What the exercise asks: Look in the data below for the line that has "FR | 1226230 |", then print exactly every line from there through the line that has "MDFUN 18K Yellow", leaving pictures out.

═══ Record set

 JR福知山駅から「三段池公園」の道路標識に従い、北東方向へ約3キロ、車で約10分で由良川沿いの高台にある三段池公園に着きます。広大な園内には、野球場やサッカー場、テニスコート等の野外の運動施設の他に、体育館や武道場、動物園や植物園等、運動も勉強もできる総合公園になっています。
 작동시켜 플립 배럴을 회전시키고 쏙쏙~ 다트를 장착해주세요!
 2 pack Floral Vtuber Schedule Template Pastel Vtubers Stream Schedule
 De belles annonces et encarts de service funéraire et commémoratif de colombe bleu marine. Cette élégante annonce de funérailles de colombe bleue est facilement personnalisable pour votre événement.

══════
═══ Record set

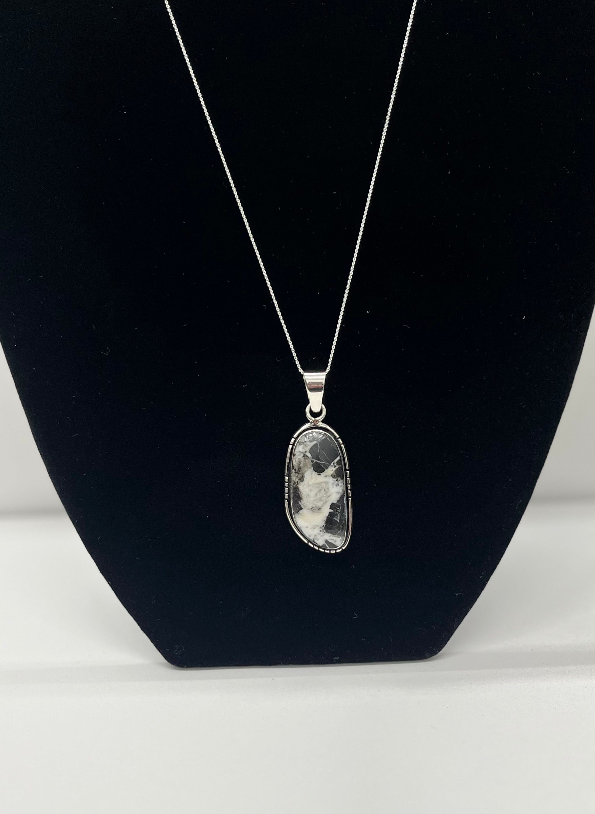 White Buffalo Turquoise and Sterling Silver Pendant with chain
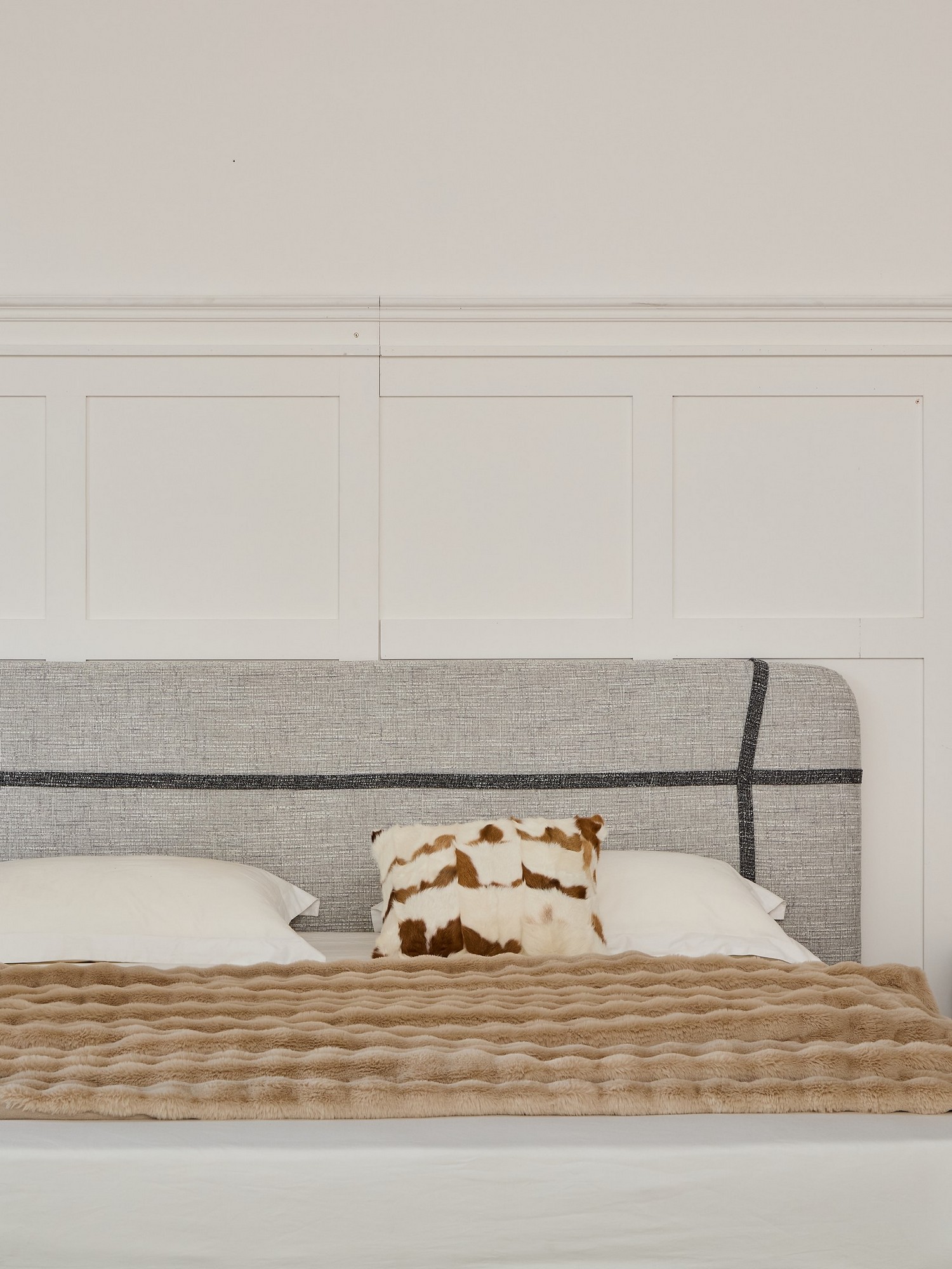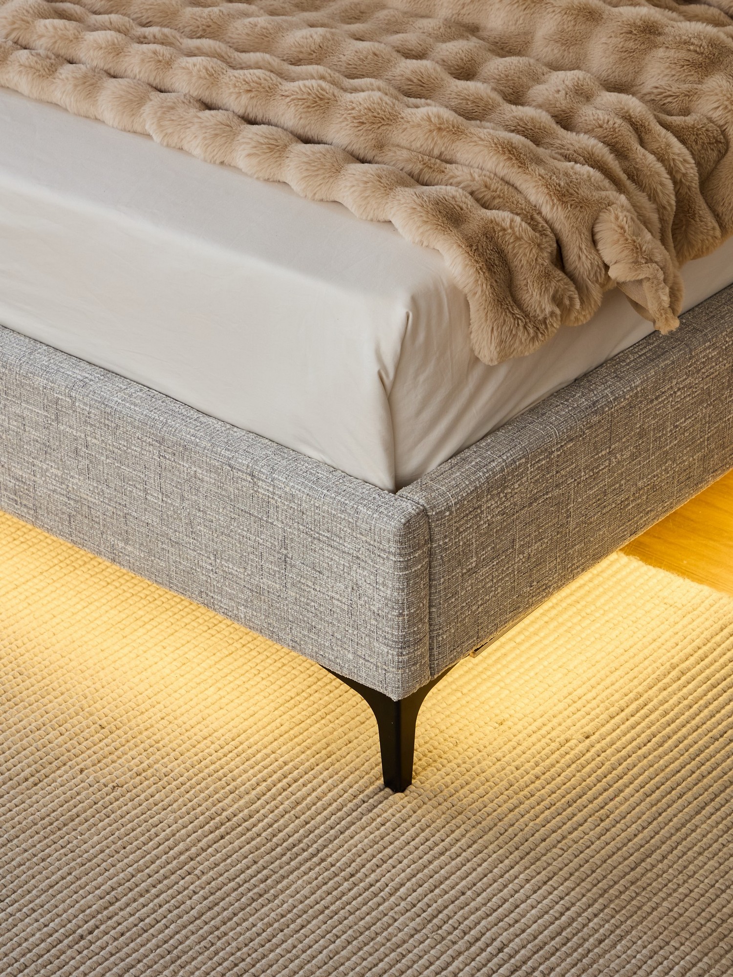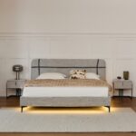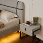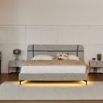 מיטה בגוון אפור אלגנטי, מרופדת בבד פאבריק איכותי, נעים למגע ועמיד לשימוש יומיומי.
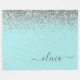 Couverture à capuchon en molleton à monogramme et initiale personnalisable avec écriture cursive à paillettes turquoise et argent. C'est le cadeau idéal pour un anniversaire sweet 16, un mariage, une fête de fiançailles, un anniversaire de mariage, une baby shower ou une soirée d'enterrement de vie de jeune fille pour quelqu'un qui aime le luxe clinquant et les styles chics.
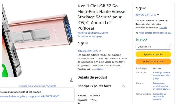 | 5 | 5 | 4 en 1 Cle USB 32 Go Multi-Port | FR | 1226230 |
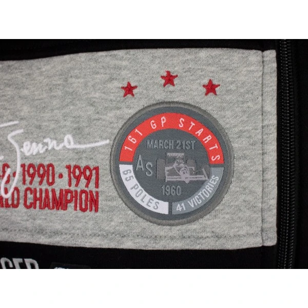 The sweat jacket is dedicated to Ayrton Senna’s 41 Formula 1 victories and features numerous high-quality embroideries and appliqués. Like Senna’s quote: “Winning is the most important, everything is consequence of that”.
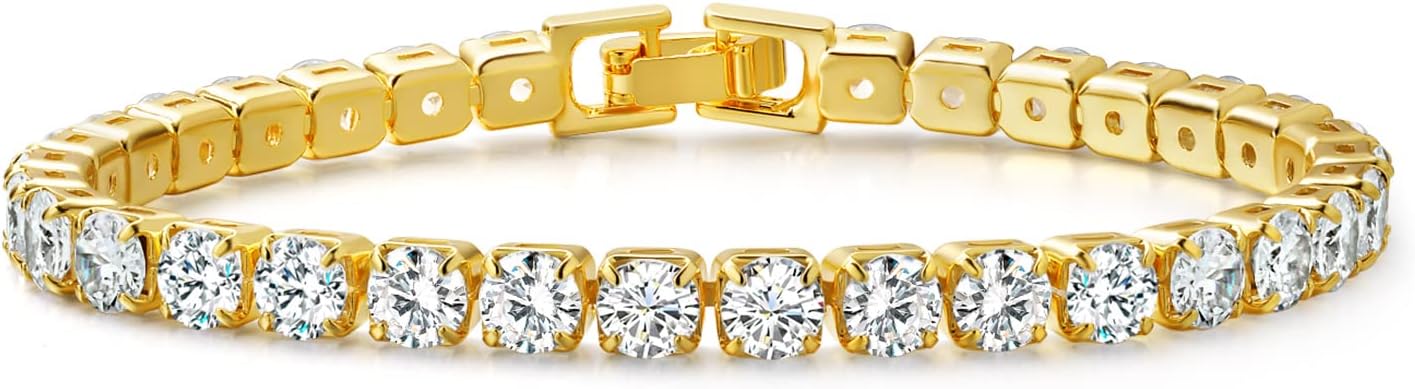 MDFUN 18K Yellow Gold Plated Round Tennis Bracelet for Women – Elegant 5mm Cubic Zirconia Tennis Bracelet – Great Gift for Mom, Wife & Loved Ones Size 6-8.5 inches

══════

Task result:
 | 5 | 5 | 4 en 1 Cle USB 32 Go Multi-Port | FR | 1226230 |
 The sweat jacket is dedicated to Ayrton Senna’s 41 Formula 1 victories and features numerous high-quality embroideries and appliqués. Like Senna’s quote: “Winning is the most important, everything is consequence of that”.
 MDFUN 18K Yellow Gold Plated Round Tennis Bracelet for Women – Elegant 5mm Cubic Zirconia Tennis Bracelet – Great Gift for Mom, Wife & Loved Ones Size 6-8.5 inches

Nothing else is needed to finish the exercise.